Though it’s touching to see Corbyn and McDonnell revert so quickly to their true form – spreading conspiracy theories to a dwindling audience, the David Ickes of frontline politics – this sinister nonsense is exactly what you don’t want being injected into an already ailing political culture. The clear aim is to make Corbynism’s most blatant failures disappear, thrown on to some low-level staffers who can be cast into the desert, leaving the faithful washed clean.
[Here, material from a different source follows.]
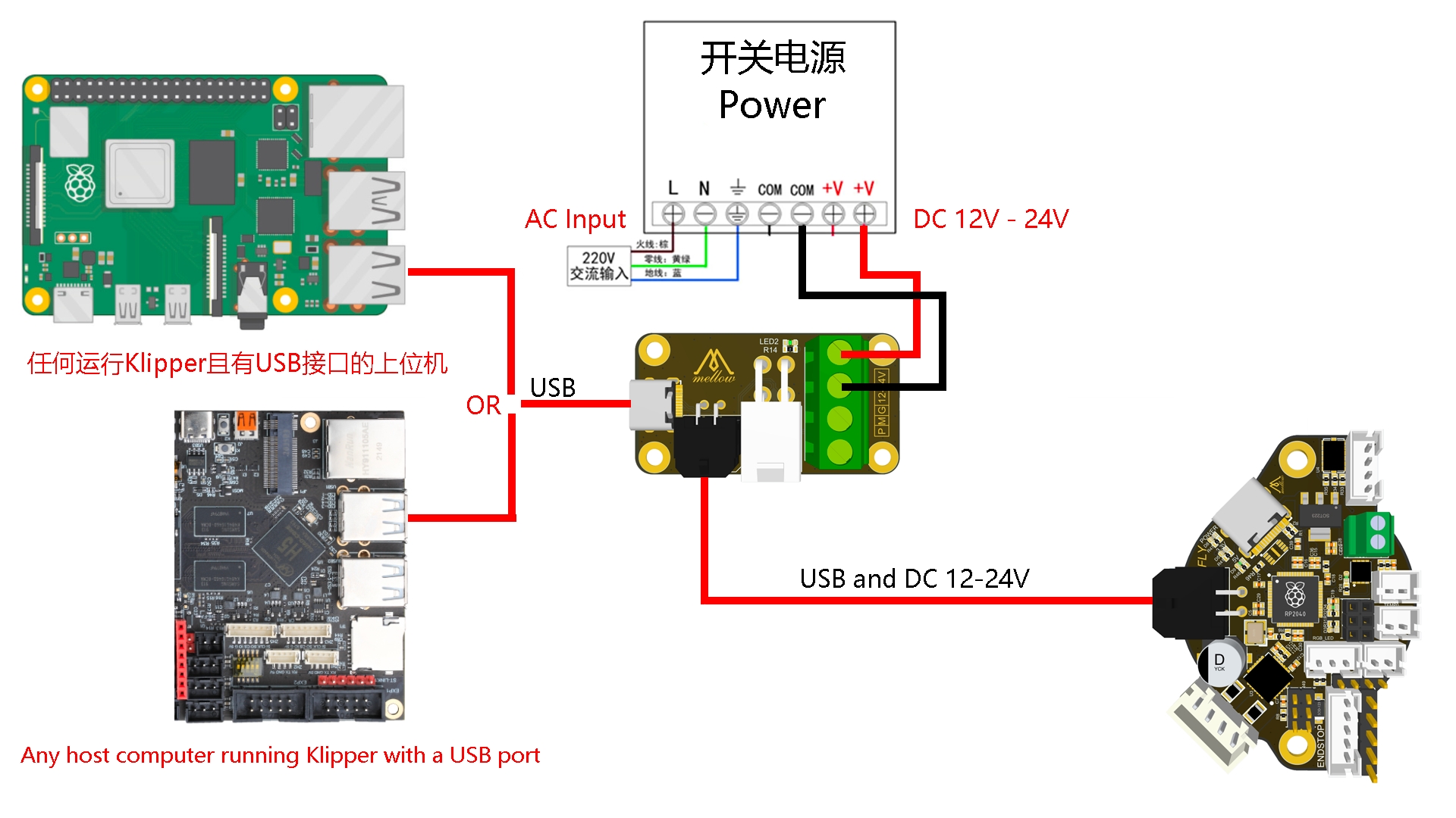 En impresoras con un host Klipper este es el cerebro y donde los beneficios de redundancia de CAN no van a aplicar además en esta arquitectura la latencia es crítica por lo que la comunicación USB en lugar de CAN nos va a aportar más beneficios eliminando cuellos de botella que puedan limitar el funcionamiento de nuestra máquina.

Like Nostradamus freaks who, having wrongly proclaimed the end of the world, dust themselves off for the next prediction, the Corbynites clearly don’t see defeat as any cause for doubt or self-criticism. Far from “a period of reflection” (remember that?), let alone any shame over what they have done, the Corbynites plan to carry on as if nothing much has happened. This despite their amazing election propaganda and moral blackmail about how declining to vote to make Corbyn PM was to enjoin mass death, the selling of the NHS to Donald Trump, and the destruction of the planet. (In the event, the one horseman they didn’t predict – pestilence – is the one that came calling!)

This is why Keir Starmer’s dream of a “broad church” Labour movement may be disturbed by crashing reality. Politics isn’t a wrangle between reasonable lawyers and judges, or an appeal to the good sense of an open-minded jury. It involves real conflicts of interest and ideology, is often pursued by actors of bad faith, and requires knowing an enemy when you see one.